* [Stored data]:
##########

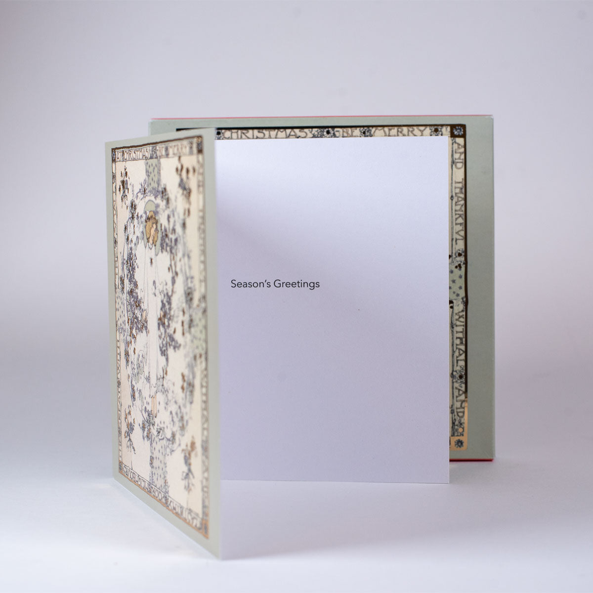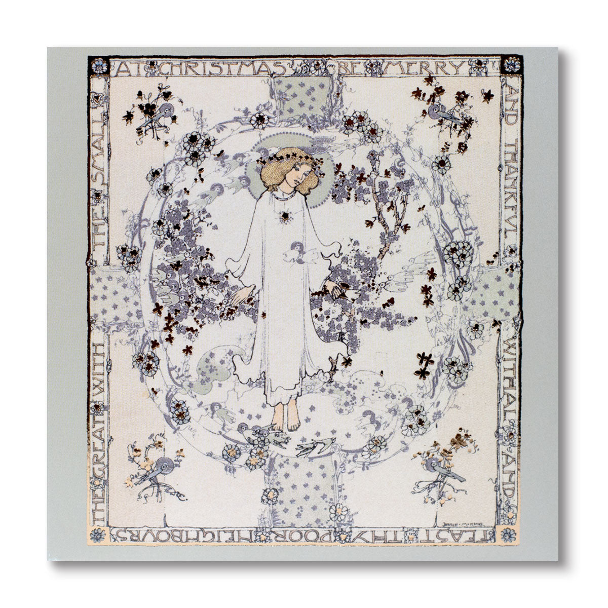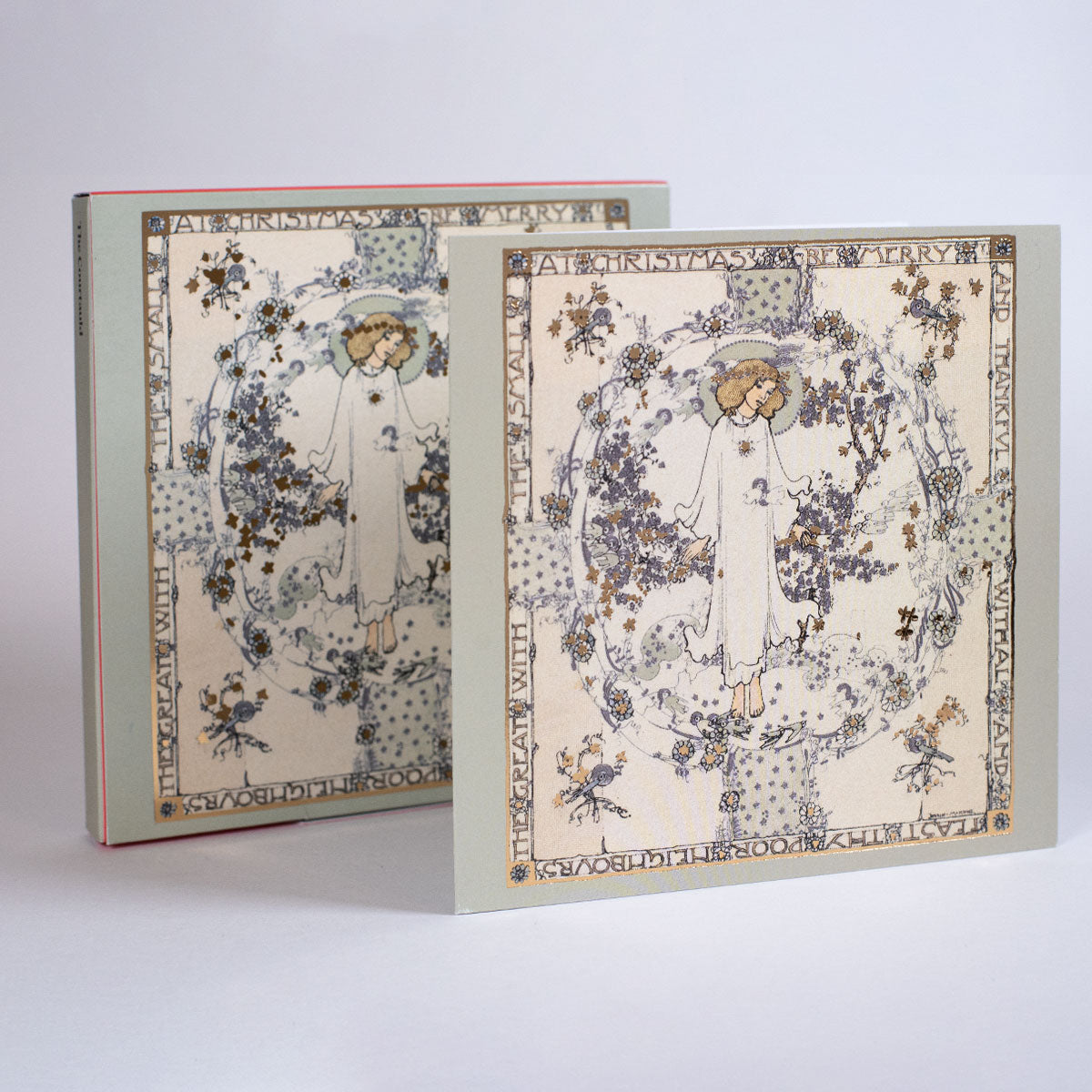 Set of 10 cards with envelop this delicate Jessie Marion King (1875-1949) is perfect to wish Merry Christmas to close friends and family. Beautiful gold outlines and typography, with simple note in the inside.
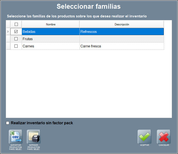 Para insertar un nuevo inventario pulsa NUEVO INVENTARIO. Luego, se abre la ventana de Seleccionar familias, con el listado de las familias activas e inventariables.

##########

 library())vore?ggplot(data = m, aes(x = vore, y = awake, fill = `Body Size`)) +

##########

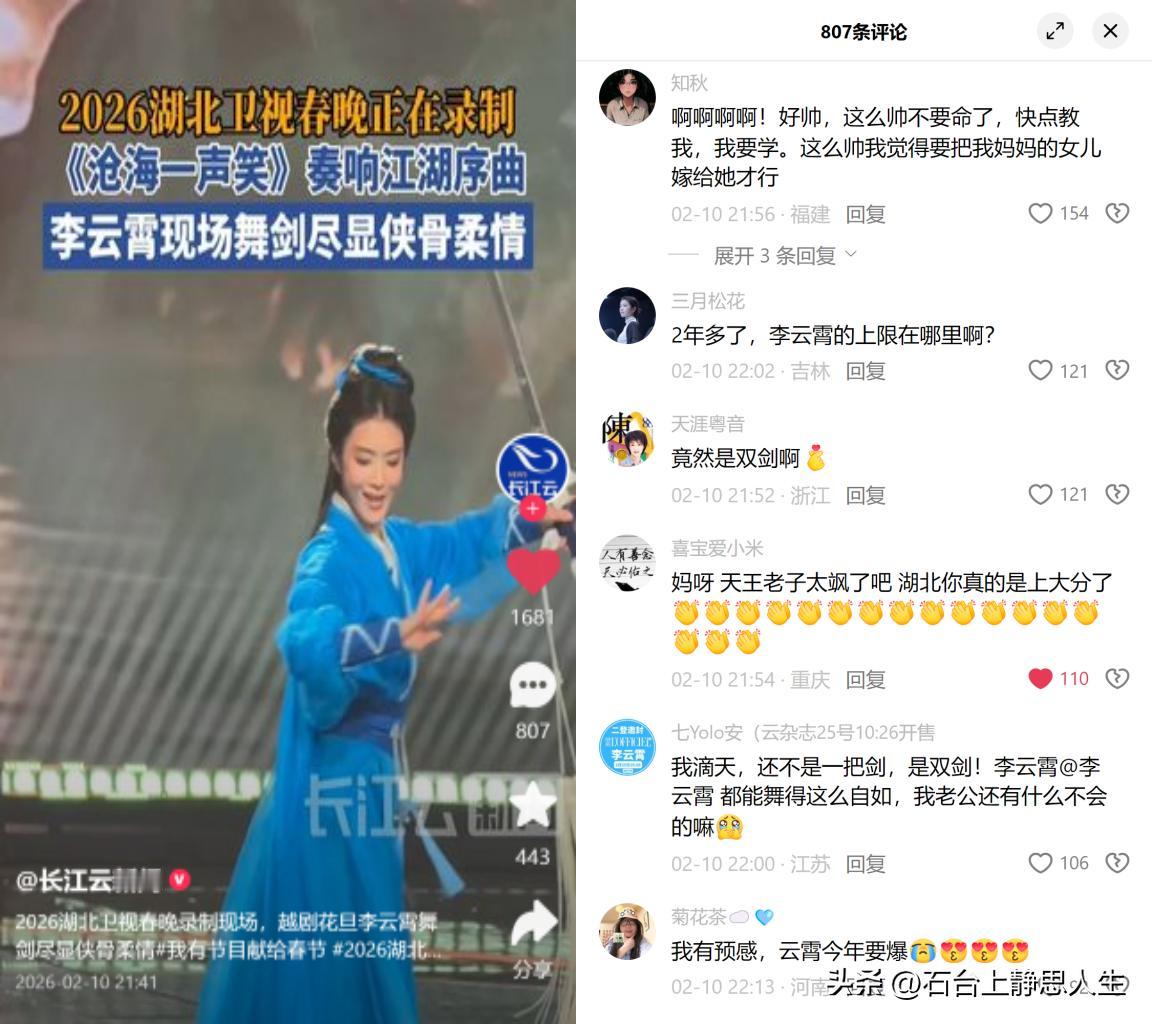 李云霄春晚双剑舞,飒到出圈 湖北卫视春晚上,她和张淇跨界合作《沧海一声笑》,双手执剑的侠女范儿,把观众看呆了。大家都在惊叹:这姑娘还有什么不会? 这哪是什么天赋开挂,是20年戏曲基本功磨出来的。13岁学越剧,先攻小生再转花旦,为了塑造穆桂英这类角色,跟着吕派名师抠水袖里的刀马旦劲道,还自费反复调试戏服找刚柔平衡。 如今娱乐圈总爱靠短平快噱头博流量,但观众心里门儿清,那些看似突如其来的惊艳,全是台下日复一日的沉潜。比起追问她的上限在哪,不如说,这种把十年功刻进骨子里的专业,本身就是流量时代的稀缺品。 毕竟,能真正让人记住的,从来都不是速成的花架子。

##########

* [What is required]: Line for line, output the entries above from the line with "Set of 10 cards" to the line with "Para insertar un", both included, and nothing more. Skip pictures.

* [Solution to this problem]:
 Set of 10 cards with envelop this delicate Jessie Marion King (1875-1949) is perfect to wish Merry Christmas to close friends and family. Beautiful gold outlines and typography, with simple note in the inside.
 Para insertar un nuevo inventario pulsa NUEVO INVENTARIO. Luego, se abre la ventana de Seleccionar familias, con el listado de las familias activas e inventariables.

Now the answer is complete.